= Paul E. V. Shannon =

Paul Eugene Virgil Shannon (March 25, 1898 – May 23, 1957) was a bishop of the Evangelical United Brethren Church, elected in 1957.

==Birth and early life==
Shannon was born in Mountville, Pennsylvania, the fifth child of the Rev. Absalom Lincoln and Linnie (Erb) Shannon. He was named for the Apostle Paul and for Eugene Field, whose writings his parents enjoyed. Fifteen years later, his mother added Virgil to his name. His parents hoped that Paul would become a minister in the Church they loved and served.

Before Paul was three years of age, however, his father died of diphtheria just twelve days before Christmas. Leaving meager financial resources, his mother worked at whatever jobs were available to support her six children. The long hours away from home and the care of the children proved too much. Four of the children were placed in other homes. Only Paul and his invalid sister, Lois, remained with their mother. One brother and sister were in fact the first residents of the Quincy Orphanage in Pennsylvania.

Their hand-to-mouth existence meant there were days without food. Lois, who suffered from a heart ailment, died while still a young teenager. One month before Paul's High School graduation, his mother died. Paul wrote,
"I was called into the room and there was my mother drawing her last breath. She had laid down her life for us as the Good Shepherd did. Worldly separation is cruel, yet we can be thankful that we can not fully realize our loss. I immediately placed my heart in God's will and said, 'They will be done.'"
This marked his decision to enter the Gospel ministry.

==Education==
His parents had planned for Paul and his brother Carl to attend Lebanon Valley College, where their parents had met. Obviously, their deaths cast a shadow over such dreams. Paul and Carl lived together following their mother's death. And when they inherited a little money from an aunt, they both enrolled. Paul was a student there 1914-1918, and at Hillsdale 1917-18.
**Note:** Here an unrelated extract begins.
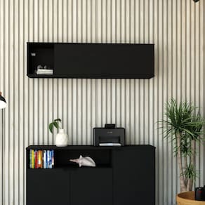 O Armário Aéreo com Nicho e Porta Basculante WorkLab é uma peça de mobiliário que alia design contemporâneo e funcionalidade avançada, ideal para escritórios que buscam otimizar o espaço vertical. Com linhas retas e um visual clean, oferece um espaço aberto para decoração ou para manter itens essenciais bem organizados. A porta basculante com pistão a gás permite um acesso fácil e um fechamento suave, evitando impactos e ruídos, além do puxador em alumínio, discreto e funcional. O Armário Aéreo WLNP135 WorkLab é uma solução inteligente que combina estética e praticidade, ideal para manter o ambiente de trabalho organizado e elegante. Acabamento da Porta: BP Acetinado Ambiente Principal: Escritório Complexidade da Montagem: Alta: deve ser montado por um montador especializado Cor: Preto Cor do Produto: Preto Cor Interna: Preto Escala de Brilho: Fosco Escala de Brilho da Porta: Fosco Itens Inclusos: 1 Nicho Manual de Montagem e Instalação: https://cdn2.madeiramadeira.com.br/atributo/compace-dalex/2349613-1708-17266660942491.pdf Material da Porta: MDP Material do Puxador da Porta: Alumínio Material Principal: MDP Necessita Montagem: Sim Origem do Produto: Nacional Peso: 17,175 kg Possui Espelho: Não Possui Nicho: Sim Possui Pés: Não Possui Portas: 01 Possui Prateleiras: Não Recomendações de Uso, Manutenção e Limpeza: Para a limpeza, utilize flanela seca ou pano macio levemente umedecido em água. Utilize um pano seco em seguida. Evite contato com produtos químicos (solventes, thinner, acetona, etc) e não utilize nenhum tipo de esponja de aço. Sapatas Niveladoras: Sim Sistema de Montagem: Parafuso, Cavilha, Minifix, Dobradiça, Prego e sapata niveladora Suporta Até (kg): 15 kg Tipo de Dobradiça/Corrediça da Porta: Metálica Tipo de Puxador da Porta: Externo

In order to attend college, it was necessary for Paul to work during the summer and at other times whenever possible. One summer he secured a job at the steel mill in Steelton, Pennsylvania. His first day on the job was spent cracking limestone rocks with a heavy sledge hammer. By evening his hands were raw and bloody and his muscles ached so much that the pain kept him awake most of the night. Nevertheless, he was back on the job the next morning without complaint. Indeed, explaining to the foreman his need to earn money for college expenses, the foreman bandaged his hands and transferred him to easier work.

Following college graduation from Lebanon Valley in 1918, Paul enrolled at Bonebrake Theological Seminary, Dayton, Ohio.

==Ordained ministry==
After receiving a License to Preach, Paul was appointed Pastor of two United Brethren Churches near Middletown, Pennsylvania. Under the combined load of college studies and pastoral responsibilities, however, Paul suffered a physical breakdown. This was, in fact, the first of several such episodes which plagued his ministry. Nevertheless, never was there any expression of bitterness of self-pity. Of this occasion, Paul later wrote, "I was not worried or frightened for I knew the Lord would provide for his own, and he surely did."

Following college graduation at twenty years of age, Paul spent the summer as Pastor of the U.B. Church in Veedersburg, Indiana. During his second year in seminary, he began serving the Fairview Church in Dayton, but ill health forced him out of the pulpit. In his farewell message to the Fairview congregation, he said:
"It is no compliment to a pastor to have his work fail in his absence. I have tried to win you to Christ. If I have succeeded, you will be faithful; if I have won you to myself, then the church will fail. The biggest compliment you can pay me is to carry on the work for which I have given my strength."

Two days before Christmas, 1924, the Shannon family moved to a cottage at Mt. Gretna, Pennsylvania.

==Death and burial==
Bishop Shannon is buried in Home Cemetery, Dallastown, Pennsylvania.